:: Given information ::

#####

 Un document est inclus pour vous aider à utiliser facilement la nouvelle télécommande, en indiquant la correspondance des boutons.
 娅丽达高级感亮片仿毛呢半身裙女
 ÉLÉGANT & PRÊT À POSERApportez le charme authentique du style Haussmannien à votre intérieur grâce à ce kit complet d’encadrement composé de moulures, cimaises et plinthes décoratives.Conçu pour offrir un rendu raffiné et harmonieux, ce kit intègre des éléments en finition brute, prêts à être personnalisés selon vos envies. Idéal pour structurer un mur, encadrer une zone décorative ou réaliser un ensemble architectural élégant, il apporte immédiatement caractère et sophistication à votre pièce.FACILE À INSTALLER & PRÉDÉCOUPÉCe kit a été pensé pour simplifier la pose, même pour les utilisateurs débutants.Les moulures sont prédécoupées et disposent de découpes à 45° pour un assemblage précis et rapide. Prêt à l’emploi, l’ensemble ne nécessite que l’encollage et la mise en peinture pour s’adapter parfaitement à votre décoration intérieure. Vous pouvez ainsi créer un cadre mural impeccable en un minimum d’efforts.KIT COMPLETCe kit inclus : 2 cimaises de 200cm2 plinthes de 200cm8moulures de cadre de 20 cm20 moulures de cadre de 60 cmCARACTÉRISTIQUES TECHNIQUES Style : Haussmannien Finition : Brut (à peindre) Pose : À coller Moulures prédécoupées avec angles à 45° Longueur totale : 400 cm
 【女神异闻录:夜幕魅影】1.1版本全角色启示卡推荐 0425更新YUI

#####

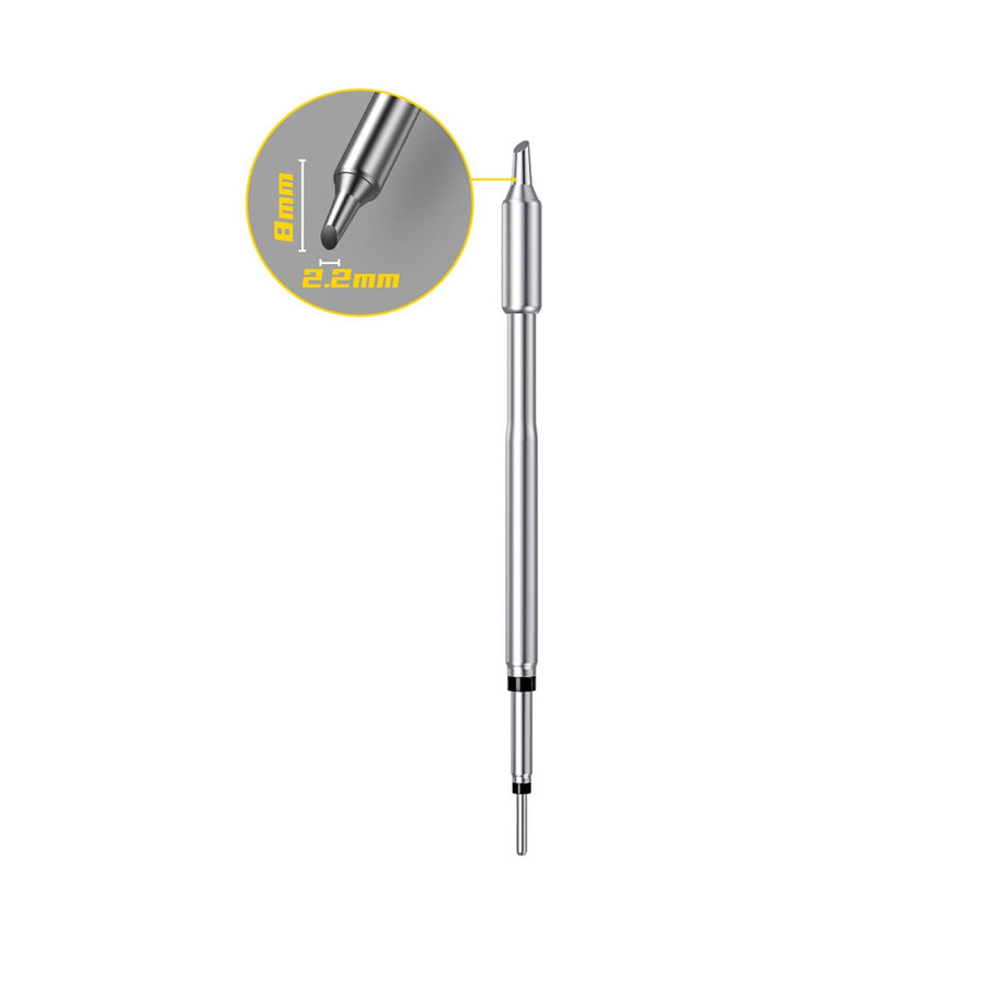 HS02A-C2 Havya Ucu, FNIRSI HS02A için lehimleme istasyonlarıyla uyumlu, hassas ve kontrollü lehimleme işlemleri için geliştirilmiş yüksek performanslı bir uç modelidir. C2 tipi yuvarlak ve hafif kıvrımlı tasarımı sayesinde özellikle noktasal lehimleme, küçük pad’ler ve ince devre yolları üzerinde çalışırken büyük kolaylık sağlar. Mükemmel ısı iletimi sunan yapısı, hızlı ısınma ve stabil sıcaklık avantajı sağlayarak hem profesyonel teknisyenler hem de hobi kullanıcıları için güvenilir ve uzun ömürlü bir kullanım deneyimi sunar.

#####

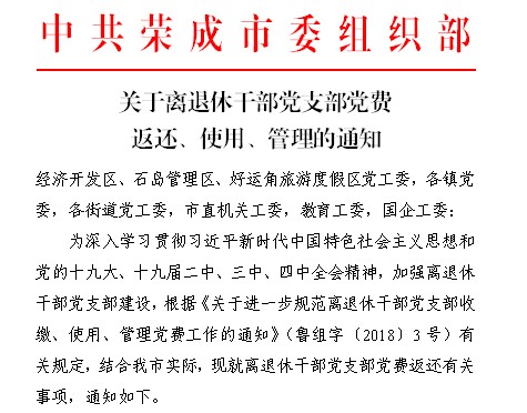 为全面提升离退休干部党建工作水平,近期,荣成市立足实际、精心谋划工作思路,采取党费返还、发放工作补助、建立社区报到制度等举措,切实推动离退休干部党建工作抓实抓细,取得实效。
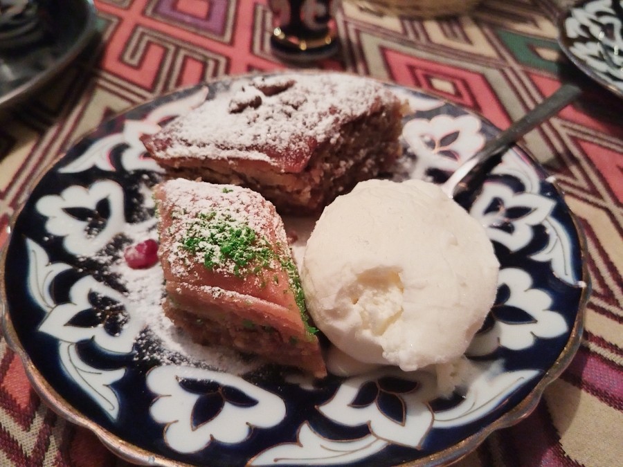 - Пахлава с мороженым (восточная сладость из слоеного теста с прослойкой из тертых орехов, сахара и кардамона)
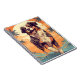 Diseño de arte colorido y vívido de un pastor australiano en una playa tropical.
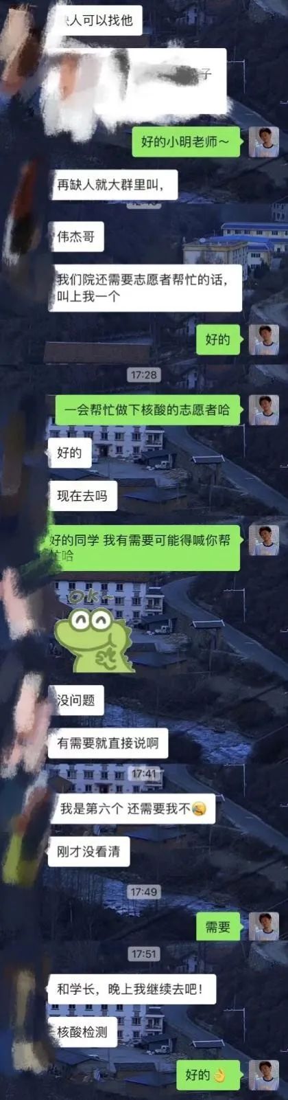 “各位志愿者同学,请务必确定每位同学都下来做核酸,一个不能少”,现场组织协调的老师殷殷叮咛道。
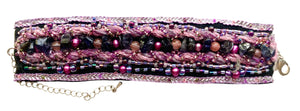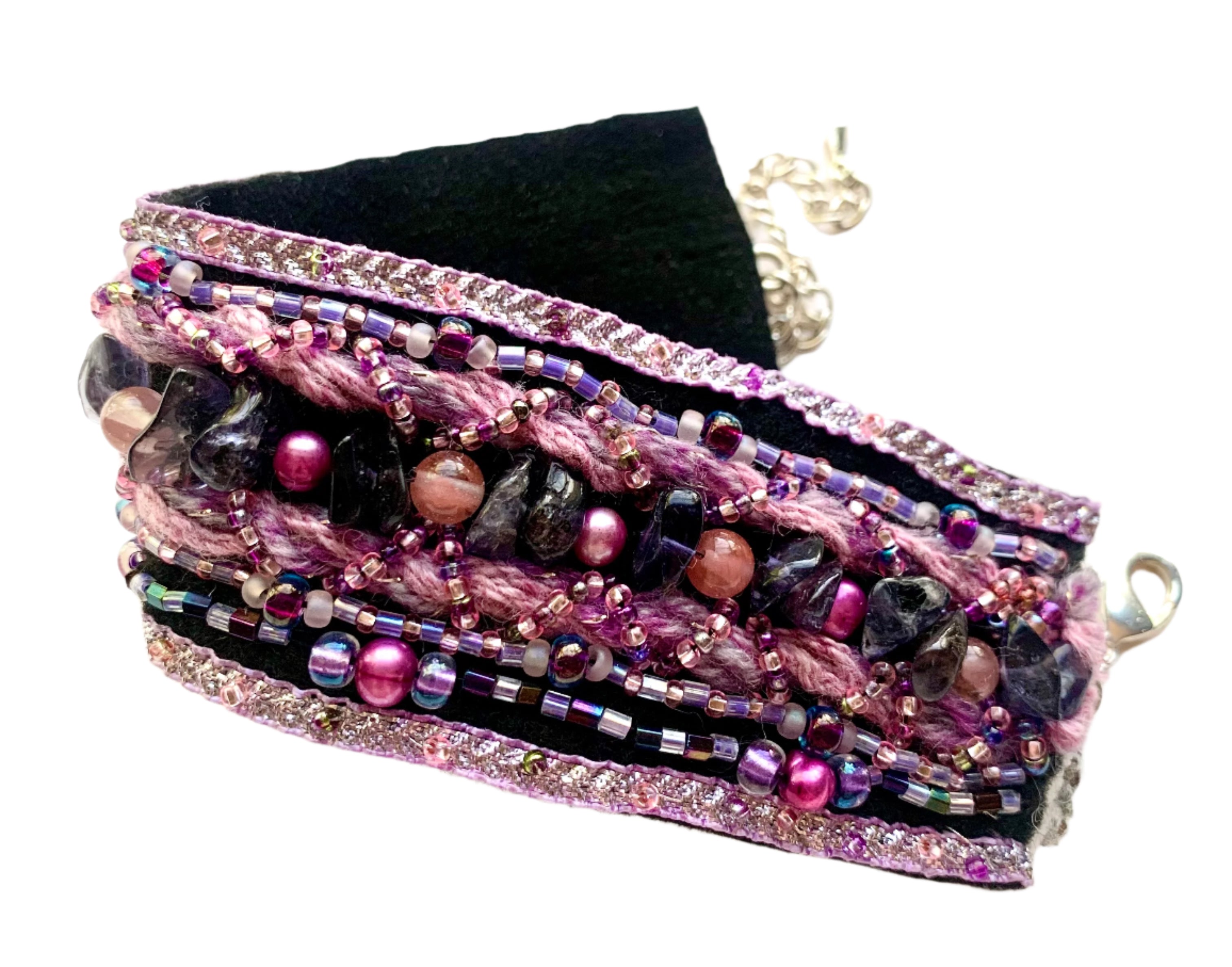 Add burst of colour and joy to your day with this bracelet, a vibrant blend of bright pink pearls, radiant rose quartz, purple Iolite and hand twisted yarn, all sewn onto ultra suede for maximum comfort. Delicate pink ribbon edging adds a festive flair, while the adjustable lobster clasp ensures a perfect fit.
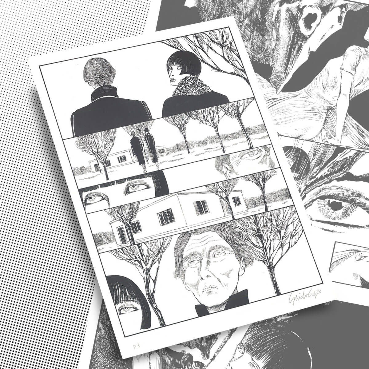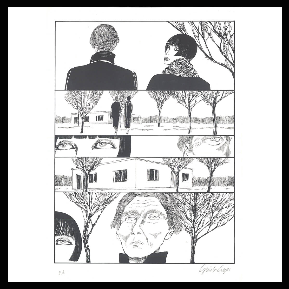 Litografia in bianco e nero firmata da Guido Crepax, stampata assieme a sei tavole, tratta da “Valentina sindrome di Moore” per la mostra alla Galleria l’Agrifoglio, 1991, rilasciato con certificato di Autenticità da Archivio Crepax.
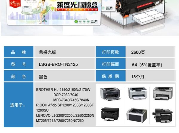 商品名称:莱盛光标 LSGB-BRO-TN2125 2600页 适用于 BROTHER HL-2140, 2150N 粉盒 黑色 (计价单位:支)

#####

Look above for the line with "Un document est" and the line with "娅丽达高级感亮片仿毛呢半身裙女", and reproduce exactly those two lines plus every line between, nothing more.

:: Your response ::
 Un document est inclus pour vous aider à utiliser facilement la nouvelle télécommande, en indiquant la correspondance des boutons.
 娅丽达高级感亮片仿毛呢半身裙女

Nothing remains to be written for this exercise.